THE Government should rethink its proposals for foundation degrees or the new qualification may not meet employers' needs, the Confederation of British Industry says.

Although it agrees with the concept of a two-year, vocationally-based degree course, the CBI says that the current proposal is flawed and "runs the risk of duplicating current provision".

Three-quarters of the 253 firms surveyed said they could see the value of a vocationally-orientated foundation degree but 81 per cent said the current range of sub-

degree qualifications - including higher national certificates and diplomas - was confusing. "There is no clear case for another qualification at this level," the CBI says.

It proposes that the foundation degree should be integrated into a national credit system for higher and further education, making it equivalent to two years' study towards an honours degree.

"This would benefit a large group of people, ranging from some of the 19 per cent who currently drop out of honours courses, to those who only ever wanted an intermediate-level qualification."

Two-thirds of firms surveyed anticipated increased demand for people with degrees, while only 49 per cent expected to take on people with sub-degree qualifications.

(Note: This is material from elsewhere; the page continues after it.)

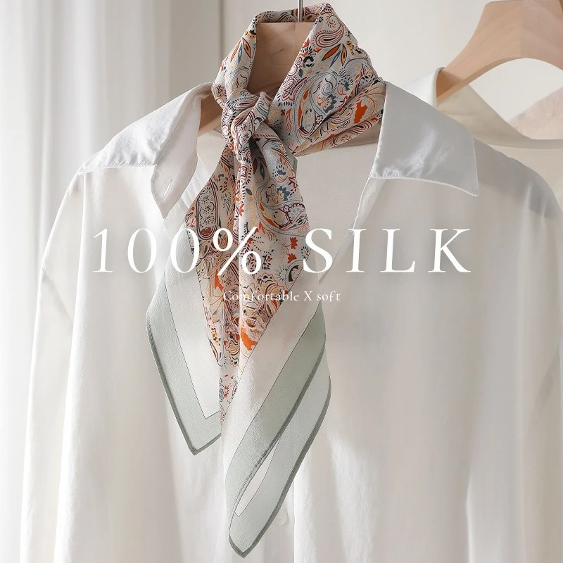 Sciarpa da donna 100% seta di gelso, fantasia Paisley etnica, in doppio crepe, quadrata, versatile, per collo o bandana

The CBI says that it may even reduc the pressure to make full honours degrees more vocationally-focused.

But despite their reservations about aspects of the foundation degree, CBI members strongly support it in principle. Seventy-five per cent said that they were likely or very likely to encourage staff to study for the new qualification, 81 per cent would allow work-based assessment or accreditation and 67 per cent would offer work-placements.

John Roberts, chairman of the CBI's education and training affairs committee, said: "The broad objectives of the foundation degree are right. But there is a danger that it is not being properly thought through.

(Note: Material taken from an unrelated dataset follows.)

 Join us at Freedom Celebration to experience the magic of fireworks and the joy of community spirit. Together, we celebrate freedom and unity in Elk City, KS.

"Unless the Government takes the time to make sure that the new qualification truly meets the long-term needs of employers and students alike, it could well end up as a good idea badly implemented."

Although foundation degrees will be funded and awarded through universities, colleges are expected to deliver a large proportion of them and they are seen as crucial in the Government's drive to recruit 700,000 people into further education over the next two years. A DFEE-appointed working party of representatives from further and higher education is working on the delivery and content of the new qualification, which will be piloted from September.